Chaney interviews both Dr. Hamilton and Dixon about the ravaged facilities, but is only given vague answers. He eventually talks to Gina, who strongly believes Rebecca was murdered. Chaney breaks into Dr. Hamilton's house to find clues and finds an article about a strange hulking creature retrieved from ice during the 1970s. Chaney is then attacked by a hit squad but manages to neutralize them and heads to Brick's bar for help. They later go to the Tipler Institute to save Gina from another hit squad. Afterwards, they head to the last facility in the Arctic where Dr. Hamilton left to.

Hunter and the team reach a cavern where they know the creature is waiting for them. The beast speaks to Hunter, who reveals its name to be “Luther”. After shaking off the beast, Hunter and the team manage to escape and reach the last facility, where Colonel Maddox waits for them. Dr. Hamilton and his team have another creature, long dead, stored deep within the facility. They manage to synthesize a serum that maintains the creature's longevity without turning one into a beast themselves, similar to what happened to Luther.

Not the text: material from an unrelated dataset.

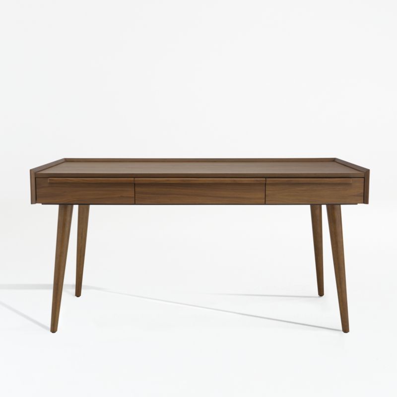 Our 1960s-inspired Tate desk recalls the timelessness of mid-century design with a tailored profile and streamlined shape. Crafted of solid walnut and walnut veneer, the desk showcases three drawers united by linear undercut drawer pulls that run the length of the desk.

Dr. Hamilton attempts to test this on Dr. Tipler but is stopped by Ghost. Hunter keeps the serum, knowing that it's something Dr. Hamilton doesn't want anyone to know about. Chaney and Brick arrive at the base and interviews Hunter and the team about their encounter with the creature. Dr. Tipler theorizes that the creature is an ancient smilodon. Dr. Hamilton gives Chaney a tour of the facility, while Hunter sneaks into the deep part of the base storing the other creature. Hunter finds a video of Luther injecting himself with a serum and turning into the smilodon-like creature that he and the team encountered.

Dr. Hamilton and his security team catch Hunter, and reveals that the operation is an attempt to make certain members of society immortal in order to control and shape the world from the shadows. Brick arrives and opens fire on the security team. Hunter knocks out Dr. Hamilton and destroys the dead creature. Up above, the Luther-creature arrives and attacks the facility. Dr. Tipler dies from a heart attack and Ghost dies battling the creature. Bobbi Jo manages to wound the beast with her Beretta Sniper enough for it to retreat. Dixon arrives with a kill team of his own, planning to tie loose ends by bombing the area, along with Hunter and the survivors.

Hunter threatens to destroy the synthesized serum if Dixon doesn't pull out his kill team. Dixon reluctantly complies but upon learning of Dr. Tipler's death, Hunter slashes the serum and forces Dixon into a helicopter, leaving Dr. Hamilton behind to be killed in the bombing. Hunter and the survivors intend on following the creature and kill it once and for all. They follow the creature to a cave and discover that it is the grave site of the species, who murdered each other in blind, cannibalistic rage. Brick, Takakura, and Dixon die in the final battle with the creature. Hunter sets the beast on fire and decapitates him with his Bowie knife. Hunter, Chaney, and Bobbi Jo leave the cave and are evacuated by the US Marshals, who arrest Dr. Hamilton who survived the aerial bombing.

== Film adaptation ==
In September 2009, Sylvester Stallone acquired the film rights to Hunter to use as the basis for Rambo: Last Blood, at the time titled Rambo V: The Savage Hunt. Shortly after, Nu Image/Millennium Films released a concept poster and synopsis for Rambo V: The Savage Hunt. In November 2009, it was reported that the plot had reverted to Rambo crossing the Mexican border to rescue a girl from human traffickers. In October 2018, Stallone revealed plans to adapt Hunter into its own feature film with Balboa Productions producing.